A family limited partnership (“FLP”) plan is typically implemented in the following four steps:

  1. The current owner of an asset creates a legal entity, generally either as a limited partnership, or more commonly as a limited liability company, or “LLC.”
  2. The current owner creates a legal agreement governing the administration of the FLP.1 In addition to addressing management authority, the agreement limits the ability of the FLP owners to transfer ownership interests.
  3. The current owner transfers unique assets to the FLP in exchange for all ownership interests in the FLP.2
  4. The current owner’s FLP ownership interests are transferred to children or grandchildren, usually through regular lifetime gifts. Regardless of the extent of the gifting during lifetime, the owner’s remaining FLP ownership interests can be transferred to children or grandchildren following death.

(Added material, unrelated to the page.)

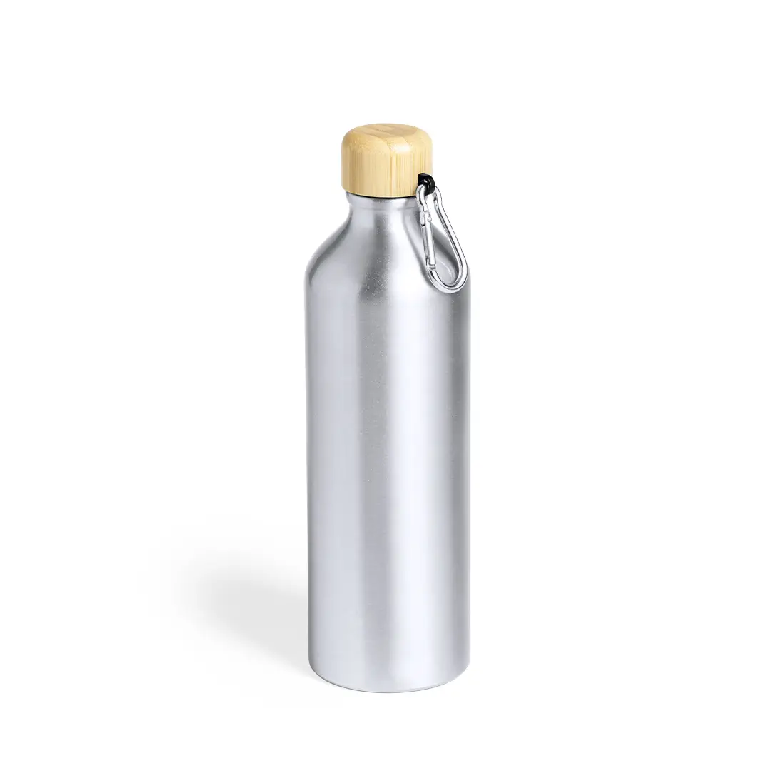 Bidón de línea nature y 800 ml de capacidad. Cuerpo en aluminio de acabado mate y tapón de bambú con mosquetón a juego para fácil transporte. Libre de BPA y presentado en atractiva caja de diseño eco.
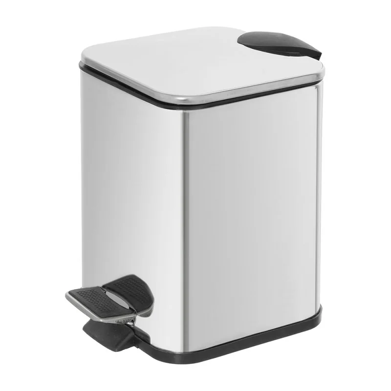 Grazie alla forma compatta e funzionale,la pattumiera bagno proposta convince con il suo design semplice e salvaspazio,il complemento ideale per ogni arredo bagno,realizzato con l’impiego dell’acciaio resistente e della plastica igienica.

The most common type of assets contributed to the FLP are rental real estate properties, family cabins, family farms, or businesses.  A personal residence or any other assets the current owner needs for personal living expenses should not be contributed to an FLP.

Planning Benefits

The legal planning benefits of the FLP planning are as follows:

  • Management Rights. The management authority can be separated from ownership of equity.  This bifurcation allows for the senior generation to retain management rights even while gifting away a percentage of the underlying asset value to the junior generations.
  • Creditor and Divorce Protection. The owners of the company are insulated from personal liability for any of the company’s creditors.  The partnership agreement can also preclude a family member’s divorcing spouse from participating in the FLP.
  • Ease of Transfer. In contrast to fractional interests in real estate, the FLP structure allows for a more efficient transfer of value through FLP transfer documents.
  • Reduced Tax Cost of Transfer. Finally, and perhaps of primary significance, the FLP strategy can reduce the reported value of gifts made to the junior generations.  The internal revenue code requires that a gifted FLP interest must be valued according to what an unrelated person would pay for it. 3 Since the FLP interest is subject to legal restrictions limiting a third party’s rights to both manage and liquidate for value, any FLP ownership interest is worth far less to an unrelated third party than if the assets of the FLP were individually owned by the FLP owners in proportion to their ownership interests. 4 As a result, the value of the FLP gift reported to the IRS must be reported below the proportionate value of the underlying assets.  In many cases, the reported value of the transfer could be only 60% to 70% of the proportionate value of the underlying asset value.  The FLP strategy could therefore significantly reduce estate taxes.

Rest assured, FLP planning is not the type of “sophisticated scheme to avoid taxes” that has drawn the attention of the IRS to the seventy-five largest partnerships that are under IRS scrutiny.  Rather, FLP planning is a tried-and-true method of achieving transfer objectives, including reducing the reported tax value of gifted assets.  Many of my client families have successfully implemented the FLP planning.  We would be glad to speak with you or your clients about whether the FLP planning is appropriate in their unique situation.

1 This legal agreement is generally called an operating agreement, for an LLC, or a partnership agreement, for a partnership.  The agreement would detail the rights and limitations on the owners of the entity and the authority of the managers.
2 This “sale” is not a taxable event, since the owner merely exchanges the unique assets contributed to the FLP in exchange for ownership interests in the FLP.
3 Code of Federal Regulations 26 CFR § 20.2031-1b.
4 A professional appraiser of Family Limited Partnership would call these reductions in value “discount for lack of control” and “discount for lack of marketability.”